O Governo pretende regulamentar a actividade destas novas empresas, concorrentes dos táxis, impondo algumas regras para a sua legalização. O diploma prevê, entre outras, a exigência de 30 horas de formação para os motoristas – quando aos taxistas são exigidas 150 horas de formação – e que disponham de um certificado de condução. Os carros usados neste serviço não podem ter mais de sete anos, têm de ser identificados com um dístico e pagar um seguro como os táxis. Será também obrigatória a passagem de facturas electrónicas para, afirma o ministro, impedir “a fuga ao fisco”.

Os taxistas consideram que esta legislação “abre as portas” na Europa à legalização deste tipo de concorrentes. E o PCP dá-lhes razão. “O sector do táxi está a defender que a lei seja igual para todos. Isso nem devia levantar dúvidas."
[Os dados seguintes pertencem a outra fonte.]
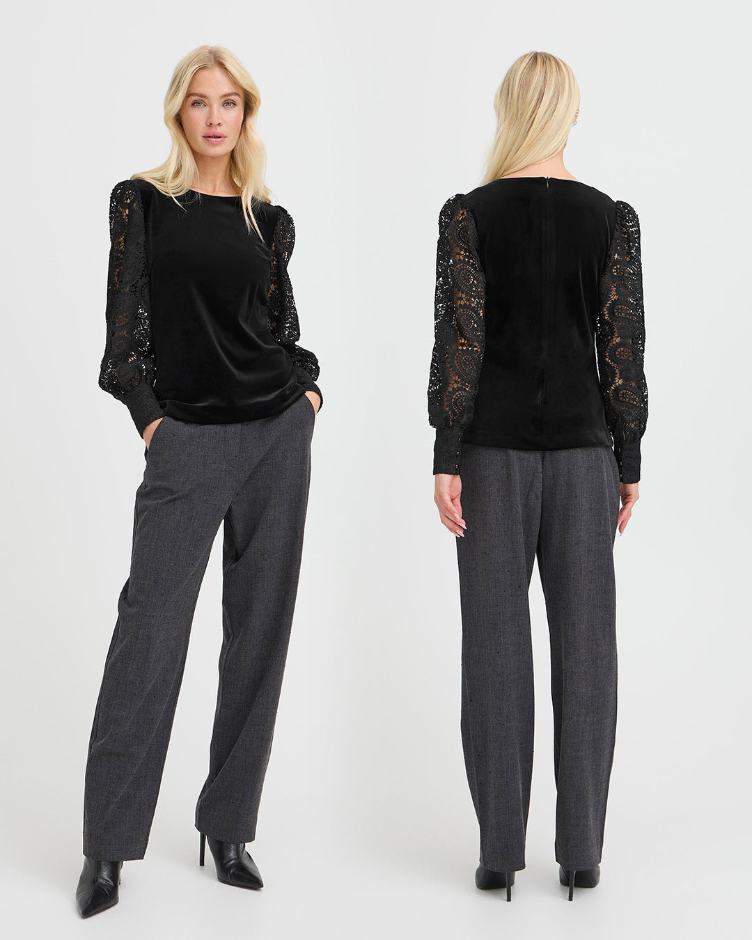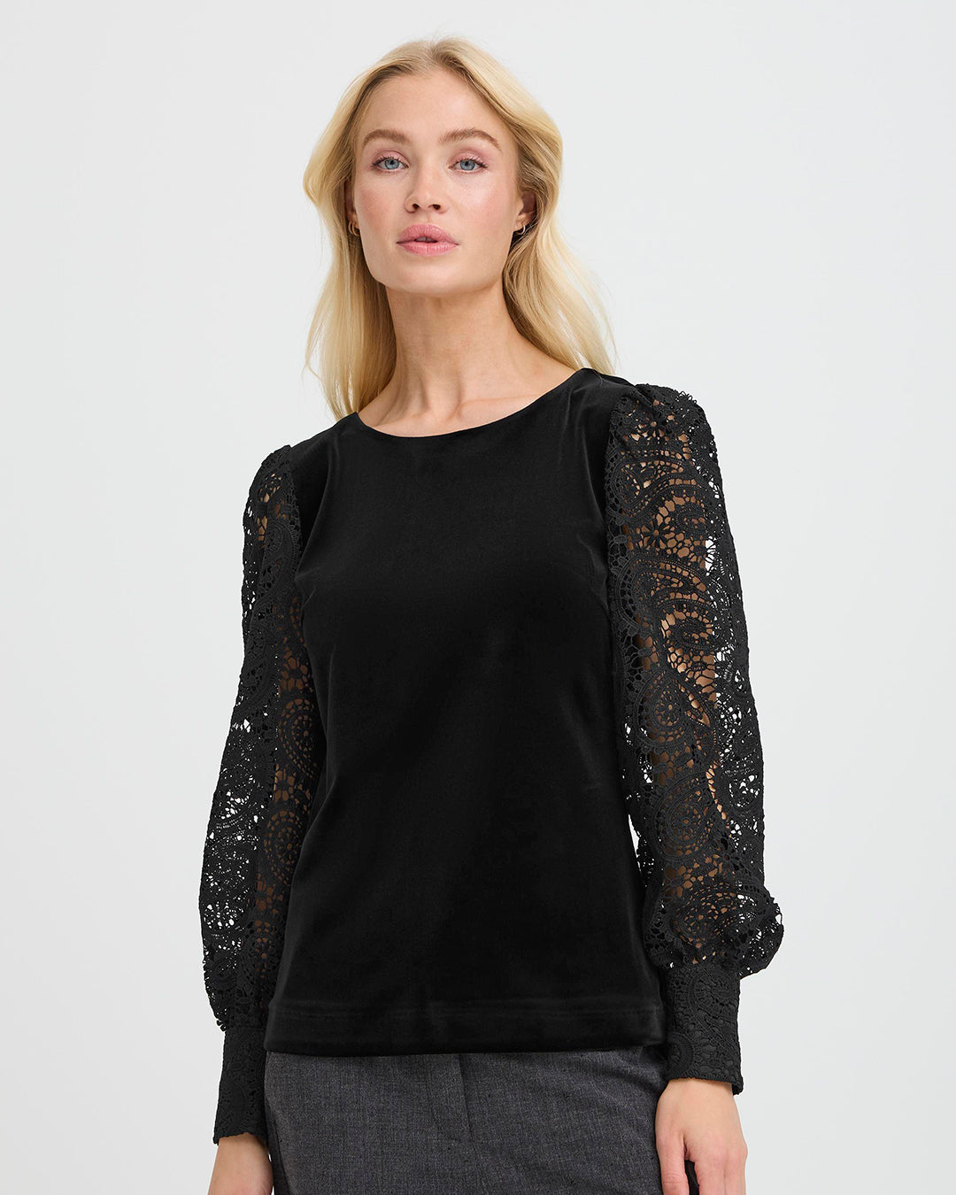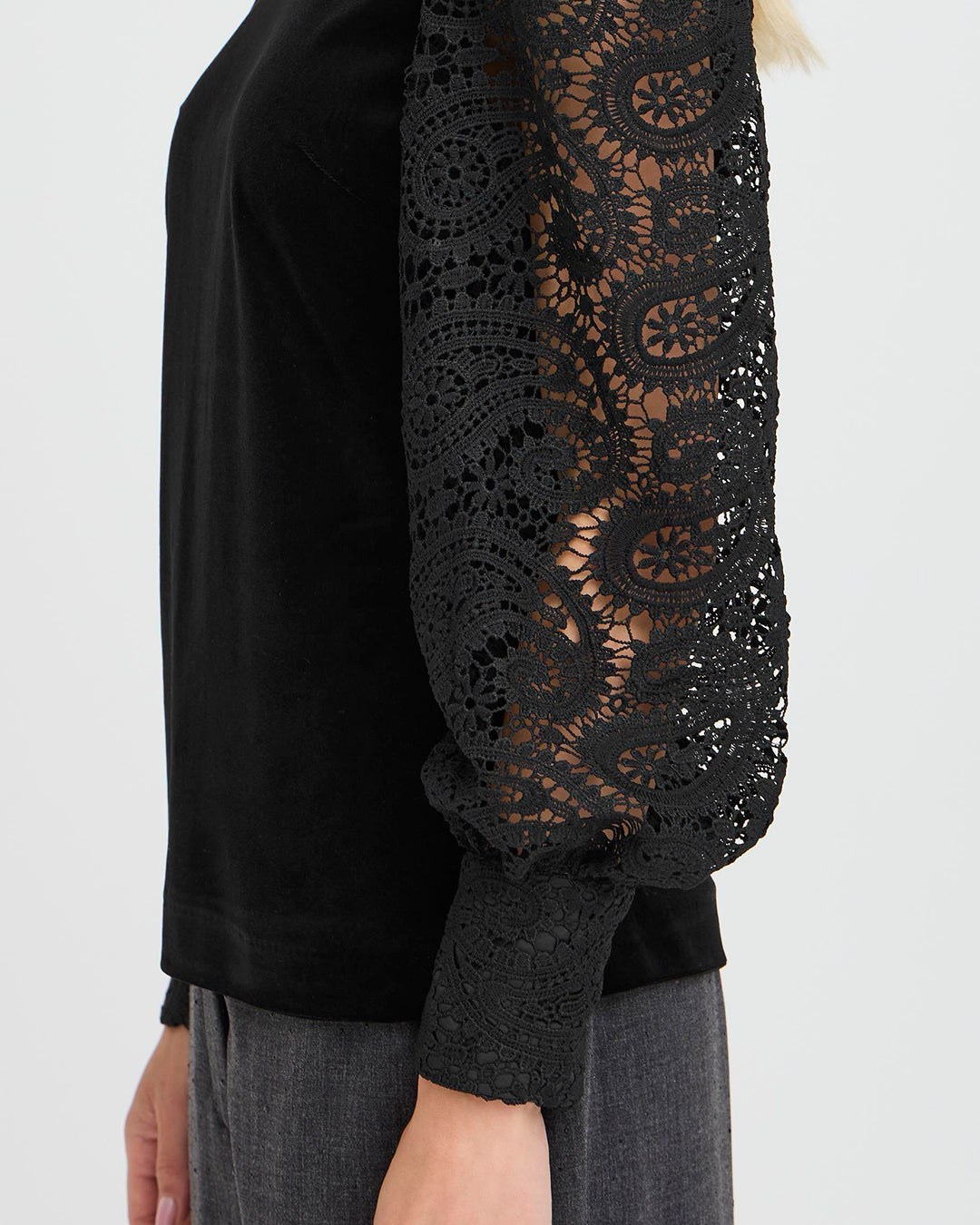 Velvet Top with Lace Sleeves by b.young

O assunto foi, por diversas vezes, abordado entre os comunistas e o PS. Bruno Dias lembra que “a posição do PCP é suficientemente conhecida para o Governo não a poder ignorar, por mais de uma vez confrontámos o Governo com a necessidade de encontrar uma resposta para estes problemas”, acrescenta o deputado. Fonte do PS, contactada pelo PÚBLICO, confirma que o assunto já foi discutido, mas considera que a divergência é “insanável”. No entanto, garante que este não é um tema que afecte as relações entre a maioria, sendo antes um ponto onde é possível a cada um dos partidos “mostrar a sua autonomia”. O ministro do Ambiente parece corroborar esta ideia: “Tivemos reuniões sérias e produtivas, ficando também claro que não estamos sempre de acordo.”

Bruno Dias ainda vê uma remota esperança num entendimento. “Se o Governo tomar a posição justa, não haverá decretos a legalizar a concorrência desleal e a colocar as pessoas nas mãos de multinacionais”, adianta ao PÚBLICO o deputado comunista. “Esperamos que assim seja. Isso resolveria o problema.”

Mas o Governo não vê as coisas da mesma forma, como prova a posição do ministro do Ambiente, Matos Fernandes, que garante pretender “propor para aprovação” em Conselho de Ministros, o diploma que o PCP contesta. Nesse caso, Bruno Dias deixa no ar a hipótese de o PCP não aceitar o decreto. “Se necessário faremos questão de não prescindir de nenhum dos instrumentos legais que estão ao nosso dispor”, afirma o deputado, quanto à hipótese de o seu partido levar o diploma a votos no Parlamento. O Bloco afirma que “em momento oportuno” levará ao Parlamento uma proposta própria. Sem o apoio explícito de nenhum parceiro, e com a oposição declarada do PCP, o Governo ficaria dependente dos votos de PSD e CDS para viabilizar a sua política.